Vegas: One and Done

We’ve officially decided: we are not city people. Give us towns, countryside, and the occasional village pub over flashing lights and neon signs any day. But some cities you just have to see once, and Las Vegas is one of them. Since we were heading west for a National Park adventure, we figured, why not start our trip with a single night in Sin City before disappearing into the wilderness?

To make it fun (and fair), we told the tweens to research Vegas and give us their one must-do activity. We promised to try to check off each wish:

  • Quinn: Visit Café Lola
  • Daniel: Swim in the hotel pool
  • Reese: See a show
  • Madison: Walk the Strip
  • Adam: Visit the Sugar Factory

The adults snuck in a couple of our own: a trip to the Hoover Dam, and, if Jon had his way, a visit to “Dig This Vegas,” a heavy equipment playground for grown-ups. Unfortunately for him, democracy prevailed and he was outvoted.

Originally, we’d booked to stay at The Flamingo, but Ally (a Vegas veteran) vetoed that instantly and switched us to The Palazzo. She was right. When we wandered through The Flamingo later, it looked tired, and the famous flamingos were… well… a bit whiffy.

Pink Milkshakes and Low Water Levels

After an early flight, Mandy and Patrick’s family breezed through the rental car pickup and headed for a grocery shop to prep for the road trip. Ally’s crew wasn’t so lucky, 90 minutes later, they finally escaped the rental car purgatory and headed straight for our first tween wish: Café Lola.

Think gorgeous pink décor, delicious food, and milkshakes topped with donuts. In other words, Quinn’s dream and a sugar high just waiting to happen.

Next up: the Hoover Dam. Just 30 minutes from the Strip, it’s an engineering marvel, even more striking with the water levels so low. We walked from Nevada to Arizona across the dam wall, peering nervously over the railings (some of us more nervously than others). Built in the 1930s during the Great Depression, the dam stands 221 meters tall, taller than the Washington Monument back home, and its base is wider than two football fields end to end. It forms Lake Mead, which supplies water as far away as San Diego. Definitely worth the detour.

Lights, Feathers, and… a Dominatrix?

Back on the Strip, we cleaned up, swapped sneakers for something slightly less dusty, and set off to tick off three more list items before our evening show: walking the Strip, seeing America’s Got Talent, and hopefully squeezing in a Sugar Factory stop.

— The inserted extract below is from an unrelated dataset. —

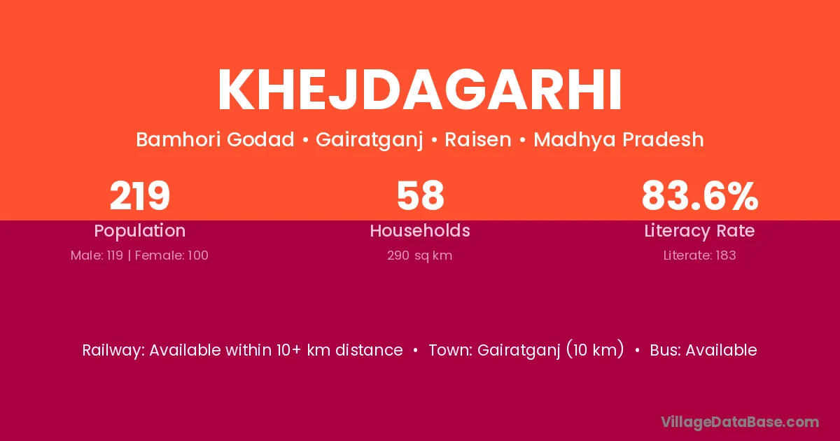 Khejdagarhi village has a total population of 219 people, of which 119 are males and 100 are females.
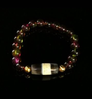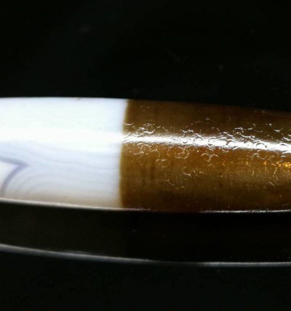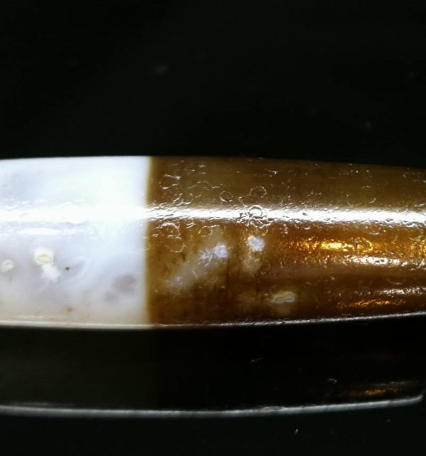 古珠乃通灵宝物,不但能够趋吉避凶,增强内气,提升顿悟能力,还可保佑持有者获得福报,功名,财富及一切的圆满,能调伏一切业障重罪而不受到束缚,并可消灾延寿,增长福慧,调和五行命气。这是一颗精品千年古珠,千年宽一线镶蚀黑白日月天珠,天珠旁系,年份爆好,黑白分明,品相完好,咬色分明,镶蚀漂亮,仔细观瞻,不免慨叹造物之精绝以及悠悠岁月的魔力,非常漂亮的古珠.

Within minutes, we’d had our first true Vegas encounter: a man vomiting enthusiastically into a trash can. Welcome to Vegas! From there, we passed showgirls in feathers and pasties, bridal parties, bachelor parties, the Eiffel Tower, the Statue of Liberty, the smelly flamingos, the canals of the Venetian, and the Bellagio fountains. Somewhere along the way, to Quinn’s horror and Jon’s complete shock, Jon got spanked by a passing dominatrix.

We power-walked past the Sugar Factory (sorry, Adam) to make it to the theatre just in time. Sandwiches inhaled in under two minutes, we settled in for 75 minutes of magicians, acrobats, and everything in between at America’s Got Talent Presents: Superstars Live.

The Final Tally

By the time the show ended, we were all done walking. We grabbed taxis back to The Palazzo, pausing only to watch the Bellagio fountain show, which was just as iconic as promised.

Here’s how we did:

  • Quinn: Café Lola ✅ A sugar-infused success
  • Daniel: Swim in the hotel pool ❌ The pool will have to wait
  • Reese: See a show ✅ 75 minutes of entertainment gold
  • Madison: Walk the Strip ✅ Wide-eyed wonder achieved
  • Adam: Visit the Sugar Factory ❌ We were already on a sugar high

Las Vegas was exactly what we expected: bright, loud, chaotic, and an absolute sensory overload. We had fun. We laughed a lot. We made memories. And we’ve decided it’s a “one and done” for us.

Next stop: wide open spaces and a lot fewer dominatrix sightings.